Journey to the Center of New Zealand Part 2

Journey to the Center of New Zealand

Part 2: A latte with a side of water bazooka


After the bug museum we head off to eat.

[ASIDE] I forgot to mention that entry to the bug museum was free for Kael because he was a Nelson native... and free for me because I was accompanied by a Nelson native.

“Let's go to the kitchen,” suggests Kael.

“We're already in town,” I explain. “The kitchen is back home...” I gesture with my thumb over my shoulder, “through winding roads, over mountains... past llamas.”

“No,” he says, “The kitchen... THE KITCHEN. Connor said it was good.

“Where is the kitchen?” I ask Google, confident it would tell me “next to the dining room.”

I was wrong. It gave me an address and a little map... so off we went. Not far from where Alistair, Kael's dad who I'm probably spelling wrong... has his downhill bike office.

I could see why Connor (Kael's older brother) recommended it. Plenty of vegan choices for the vegan siblings... Tolerent Kael didn't flinch when I had something nice with salmon in it. I ordered a ginger beer and Kael wanted some fruit thing.

STOP: Let me explain the system in New Zealand... It's similar to a few places in the US... and the same as MosBurger in Japan. You go to the counter, and order your food. Then you pay and get a number at the end of a metal pole that looks like a giant old-fashioned bill-spike. You pay for the meal and take the numbered spikey thing to your table. The waiter/ess finds you by your number.

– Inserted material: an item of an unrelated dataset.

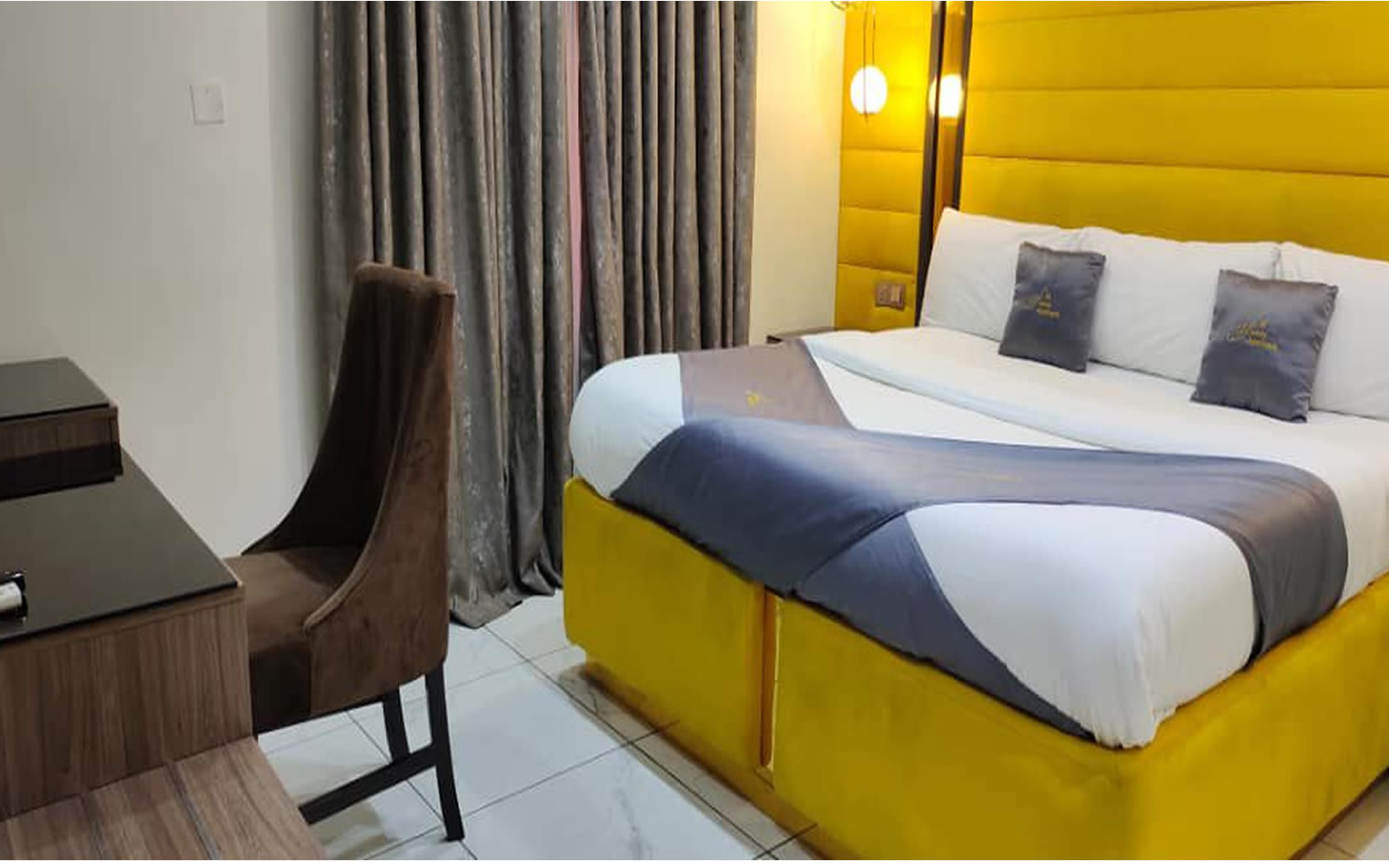 The dark wood panelling and furnishings, deluxe red-draped four-poster bed, and magnificent black stone bathroom evoke the charm of a secluded Sierra Nevada getaway.

I like to eat/drink outside. Kael was accommodating. We took a seat. Near us was a small cart with two shelves. On the top shelf were dirty dishes, probably just cleaned from the tables. On the second shelf, were two large green water pistols, and a huge water bazooka.


“Can I order a water bazooka on the side... like ketchup or hot sauce?” I asked Kael.

“They're called BLASTERS,” he tells me. “Sure you can.”

“Do kids come home... soaking wet... after going out with their friends... saying Hey Mom, I went out with my friends and got sooooo BLASTERED?” I ask.

“Sure,” he says, “happens all the time.”

Here comes the waitress with our food. Kael has ordered a vegan tart with his vegan sandwich.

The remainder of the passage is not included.